_Task_
From the line containing "ÍRTA: BICZÓ KATALIN" down to the line containing "a Ca' Farsetti", copy out the entries below exactly, both lines included, and nothing else; pictures do not belong in the copy.

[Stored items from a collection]
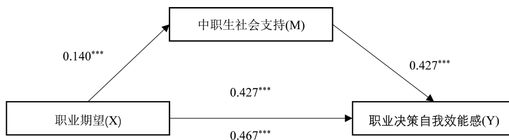
Figure 2. Mediation model of social support between career aspirations and career decision self-efficacy

根据温忠麟、叶宝娟(2014)判断中介的标准: 当自变量的回归系数减小到不显著水平时, 中介变量起到了完全中介作用; 当自变量的回归系数减小, 但仍达到显著水平时, 说明中介变量只起部分中介作用。因此, 职业期望通过社会支持影响职业决策自我效能感, 同时也对职业决策自我效能感起直接作用, 即中职生社会支持在职业期望和职业决策自我效能感之间具有部分中介作用, 中介效应占总效应的比例为 a*b/c = (0.14*0.284)/0.467*100\% = 8.5\% 。作用模型如图 2 所示。
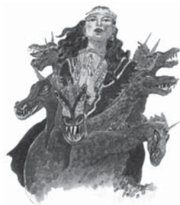
Fiara din Apocalipsa 17 reprezintă puterea civilă. Femeia călare pe fiară înseamnă că biserica conduce statul.

Răspuns: În Apocalipsa 13:1-10, Domnul Isus înfățișează papalitatea ca o combinație a bisericii cu statul. (Pentru mai multe informații, vezi studiul nr. 20). În Apocalipsa capitolul 17, Domnul Isus descrie biserica (femeia desfrânată), și statul (fiara), ca entități separate, totuși asociate. Femeia stând pe spatele unei fiare înseamnă că biserica controlează statul.
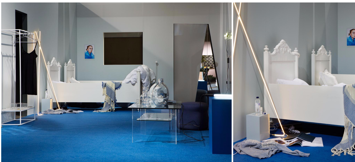
FUTURISTISK: En selvsikker lek med farger og materialer fra ny og gammel tid. Teppet på gulvet er fra Desso/Terkett.

Her møter vi det litt opprørske med teknologi og surrealisme. Taktile overflater i kjølige farger, glass og betong kombinert med arv fra tidligere generasjoner.
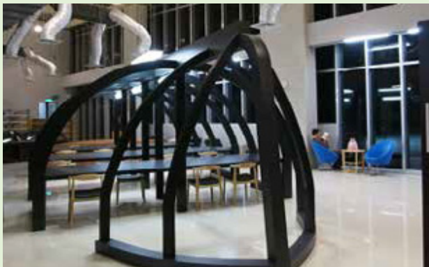
草衙分館工業廠房式外觀與內部空間中裸露的通風口，展現前衛設計風格
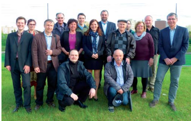
zastupitelé Hnutí pro Prahu 11, květen 2017
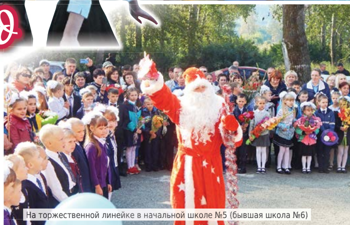
На торжественной линейке в начальной школе №5 (бывшая школа №6)
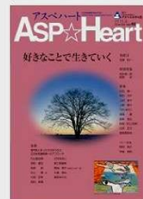
②専門誌監修「アスペハート 40号」アスペ・エルの会
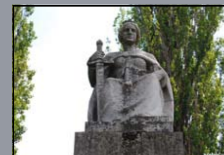
Hungária I. világháborús emlékmű
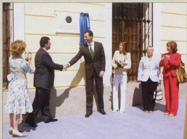
Los Príncipes ante la placa de honor, saludan al Alcalde. ▲
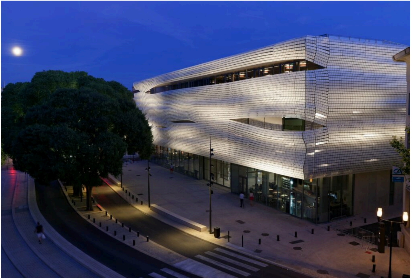
Le Musée de la Romanité.
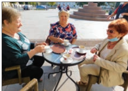
Kávézás a körmendi főtéren

ÍRTA: BICZÓ KATALIN PRESBITER, A KÁROLI KÖR VEZETŐJE
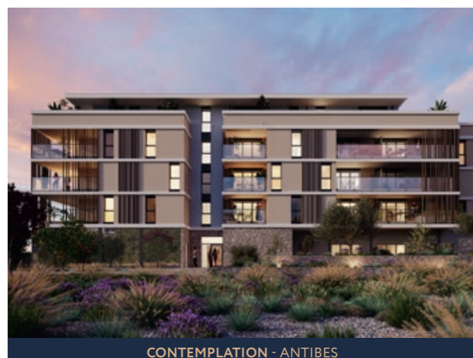
CONTEMPLATION - ANTIBES
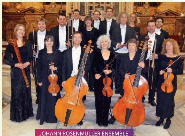
JOHANN ROSENMÜLLER ENSEMBLE Schütz: Weihnachtshistorie // 28.01.
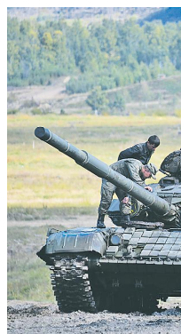
Танки выходят из-под воды.

Буквально 9 Мая 2020 года, в годовщину 75-летия Победы, в Казанском высшем танковом командном Краснознаменном училище. А раньше служил в
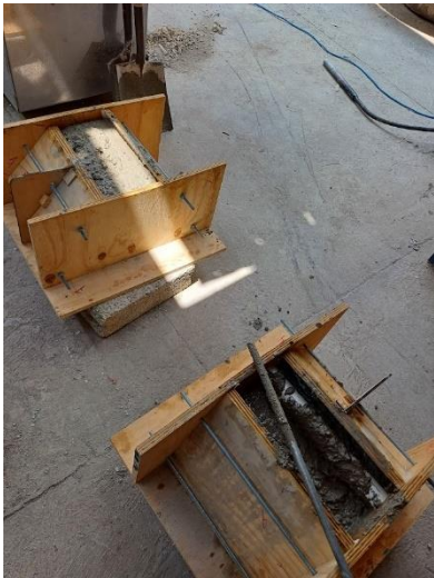
Fotografía 1: Colado de moldes de concreto
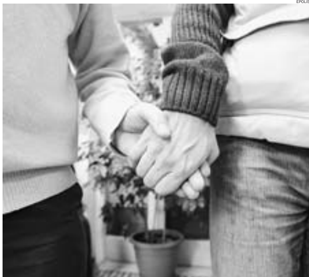
► Il consiglio comunale boccia la discussione sulle unioni di fatto a Ca' Farsetti

NONOSTANTE TUTTO i radicali in città appaiono ottimisti. E proprio ieri si sono riuniti all'hotel Ambasciatori per un incontro pubblico sui Pacs, a cui ha preso parte anche l'onorevole Daniele Capezzone, esponente radicale della Rosa nel Pugno. La speranza del coordinamento veneziano di Rnp è che anche Venezia segua la strada della mozione approvata a Padova, dove la misura della "famiglia anagrafica per legami affettivi" è una realtà ormai.
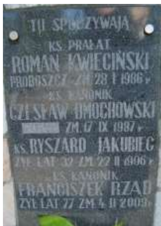
Zdjęcie 37 – Rok 2012, 30 września. Tablica informacyjna na cmentarzu w Janowie Lubelskim.
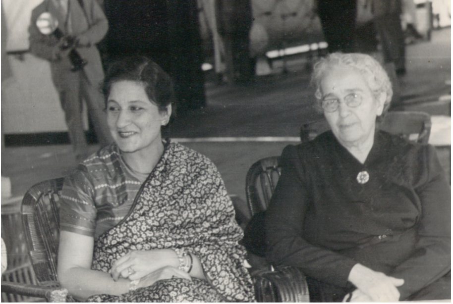
Reşide Bayar Hindistan Sefiresiyle
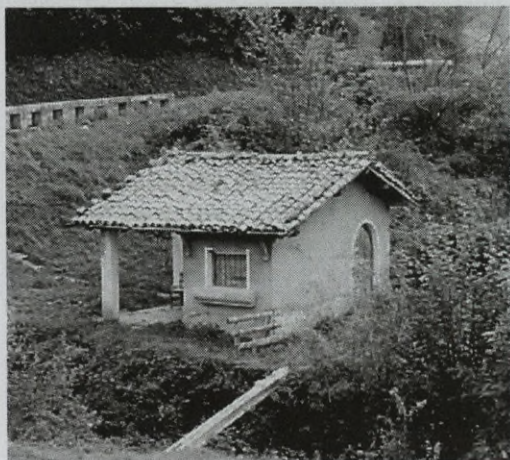
Centro Secundario de Inseminación de Berastegui.

hacia el Alto de San Antón, para construir un Centro Secundario de Inseminación; detrás de tan pomposo nombre se esconde una chabola de ladrillo donde amén de inseminar las vacas de la localidad, evitando al veterinario los traslados a los caseríos para tal menester, existía un pequeño despacho para cumplimentar las sencillas tareas burocráticas que exigía la Diputación.
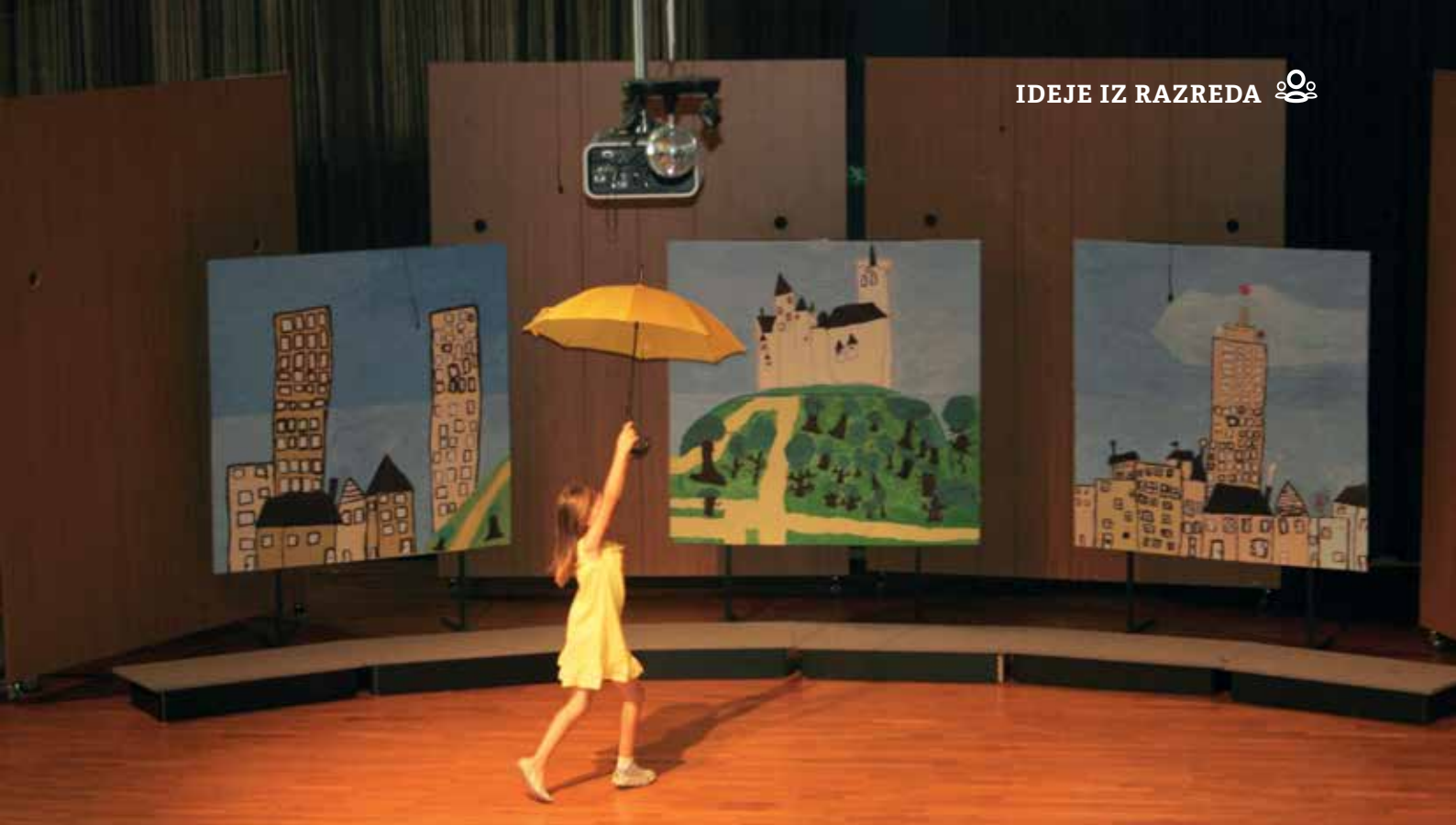
Slika 1: Jelka.
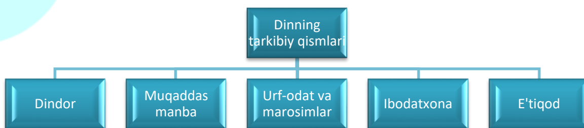
1-rasm. Dinning tarkibiy qismlari 24

T.E.Stenyakova fikricha, diniy turizm durli konfessiyadagi insonlarning ehtiyojlariga asoslanadigan turizm. Ziyorat yoki diniy maqsadlardagi sayohat esa chuqur qadimiy ildizlarga ega tarixiy turizm shaklidir 23 . Bilamizki, ehtiyoj insonning yashashi, rivojlanib borishi hamda kamol topishi uchun kerakli hayotiy vositalarga bo‘lgan zaruriyat.
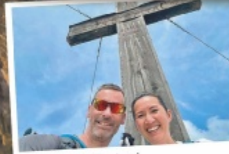
Wolfgang aus Linz Land Bosruck, 1992m
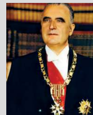
Georges Pompidou (France)
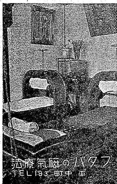
浴室氣暖のハタフ TEL 193 町中平
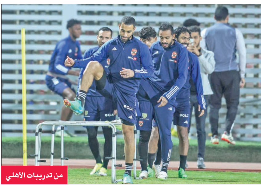
من تدريبات الأهلي
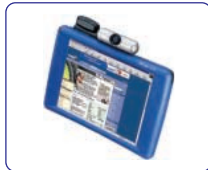
skeye.pad SL mit Webcam und Wireless-LAN-Karte
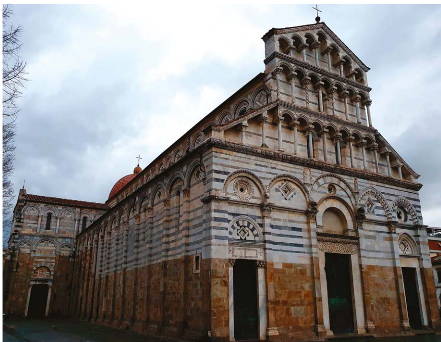
Figura 4 – Pisa, chiesa di San Paolo a Ripa d'Arno, esterni.
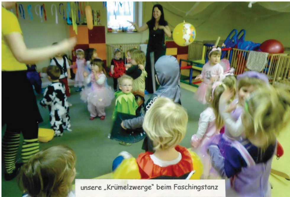
unsere „Krumelzwerge“ beim Faschingstanz
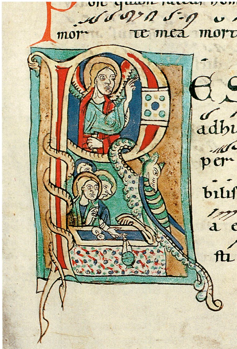
Initiale «R» im Graduale zum Osterfest: Resurrexi et adhuc tecum sum. Alleluia (dt.: «Ich bin erstanden und bleibe bei dir. Halleluja.»).

Jahrhundert hinweisen. Abt Wilhelm von Hirsau (1069-1091), der seine Reform im Zeitalter des Investiturstreites begann, kam aus St. Emmeram in Regensburg, leitete in den Jahren von 1080-1082 das Allerheiligenkloster in Schaffhausen und übernahm dann das Kloster Hirsau, von dem im 11. und 12. Jahrhundert die Reform bis nach Bayern, Österreich und Italien ausstrahlte. Diese Klosterreform spiegelt sich auch in der Liturgie, die ihrerseits über die «Libri ordinarii», aber auch in den Sakramentaren und Missalien des späten 11. und des 12. Jahrhunderts nachweisbar wird. Das Appenzeller Missale gehört textgeschichtlich diesem Hirsauer Kreis an, dessen bedeutendste Klöster neben Hirsau Weingarten und Zwiefalten waren.
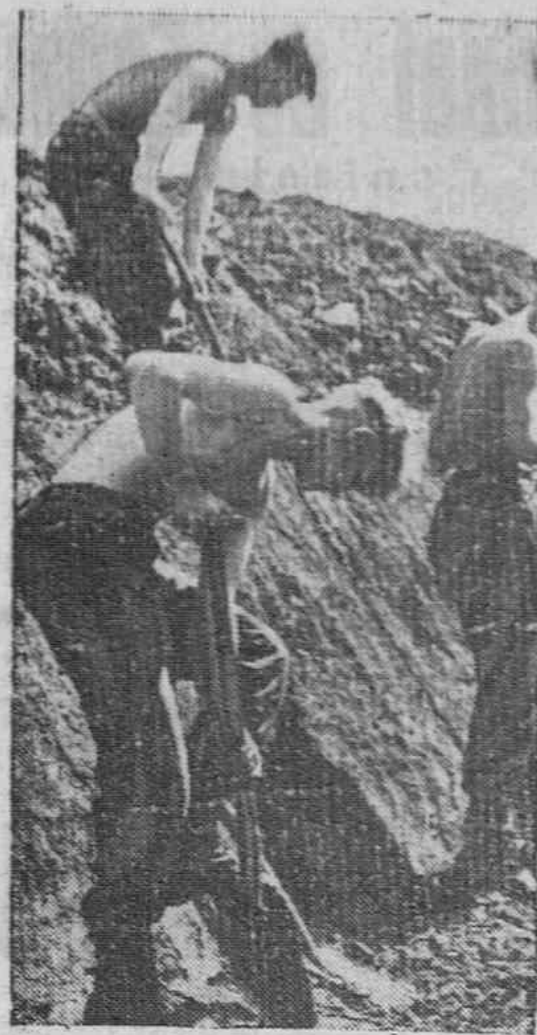
Hombres del Servicio del Trabajo Alemán construyendo obstáculos con los tanques.
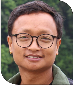
बिशाल राना मगर

नेपाली समाजको विकाससँगै ऍचोपैचो, पर्मा, सापटी, गुठीजस्ता अभ्यासले समाजमा एकलाई अष्टेरो पर्दा अर्कोले सहयोग गर्ने संस्कार छ। नेपाली समाजको आधुनिकीकरणसँगै केही सामाजिक अभ्यासमा परिवर्तन भने भइरहेका छन्। तथापि, नेपाली समाजमा एकलाई दुःख पर्दा अर्कोले सहयोग गर्ने परम्परा हराइसकेको छैन।
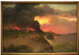
16.The Burning ...
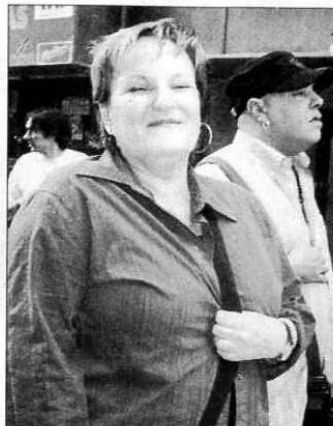
Porteiro, a Madrid.

A sentado en la Illa da Arousa y después de haber adquirido todo lo necesario para su casa en Vigo (tal y como les adelantábamos en este periódico) y pagado a tocateja, el ministro de Fomento, José Blanco disfruta de la playa en bañador, como un turista más. El domingo por la tarde sin ir más lejos, paseaba en traje de baño rojo, acompañado por otros dos hombres, de bañador negro y que podrían ser sus guardaespaldas, supongo sin certeza alguna. Lo que sí tengo claro es que ninguno de ellos (los hombres del bañador negro) era Abel Caballero , que últimamente comparte muchos momentos de cafés, paseos y comidas con el ministro, desde que éste regresó a Galicia por vacaciones.
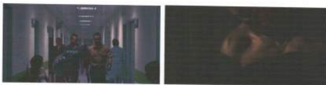
Figura 25: frames de Praia do Futuro (2014)

Ao contrário dos filmes anteriores, Praia do Futuro e Jongens não apresentam a desconstrução da indumentário, muito pelo contrário, vai mais além e revelam os sujeitos apenas pelos seus corpos nus. No primeiro, a sequência que antecede e contextualiza a relação sexual se passa dentro de um hospital. Donato e Konrad estão usando suas vestimentas viris, o fardamento completo de bombeiro e a roupa de motociclista. Quando o plano é cortado e a montagem nos leva para outro, o do sexo, os personagens estão nus, enclausurados dentro de um carro. O rosto de Donato, inclusive, não pode nem mesmo ser visto, pois toda vez que ele tenta levantar o seu rosto é impedido por Konrad que no papel de penetrador do ato sexual impinge sua força sob a cabeça parceiro (figura 25). Formação semelhante acontece no plano em Jongens , quando os dois adolescentes se beijam não temos nenhum traço de seu fardamento anterior composto por short e camisa azul do uniforme da equipe de corrida. Como falei mais a cima, nem mesmo seus rosto aparecem.
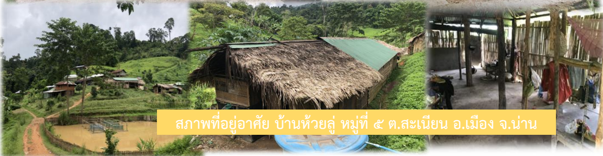
สภาพที่อยู่อาศัย บ้านห้วยลู่ หมู่ที่ ๕ ต.สะเนียน อ.เมือง จ.น่าน
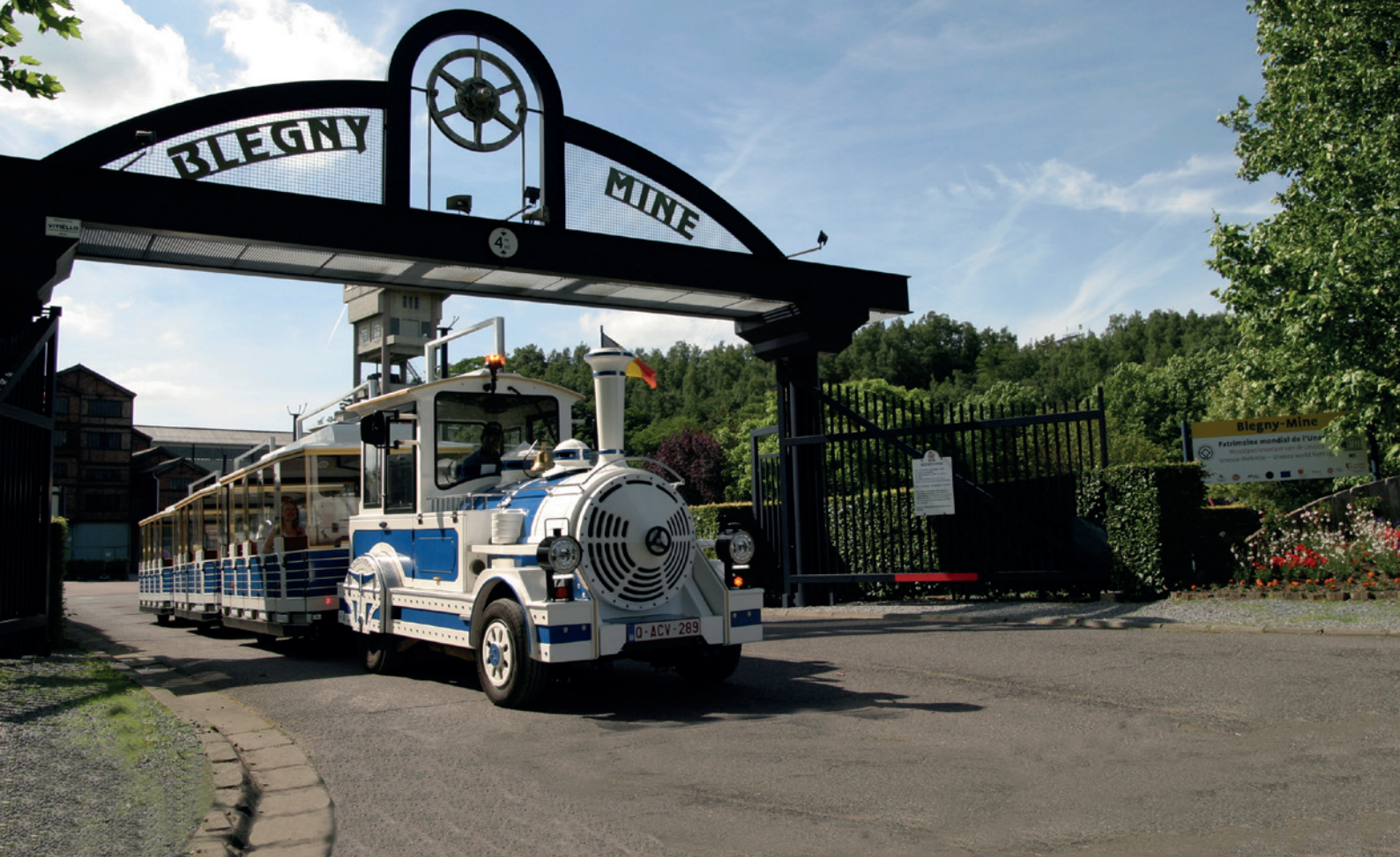
Blegny-Mine et train

_Output of the exercise_
ÍRTA: BICZÓ KATALIN PRESBITER, A KÁROLI KÖR VEZETŐJE
CONTEMPLATION - ANTIBES
JOHANN ROSENMÜLLER ENSEMBLE Schütz: Weihnachtshistorie // 28.01.
Танки выходят из-под воды.

Буквально 9 Мая 2020 года, в годовщину 75-летия Победы, в Казанском высшем танковом командном Краснознаменном училище. А раньше служил в
Fotografía 1: Colado de moldes de concreto
► Il consiglio comunale boccia la discussione sulle unioni di fatto a Ca' Farsetti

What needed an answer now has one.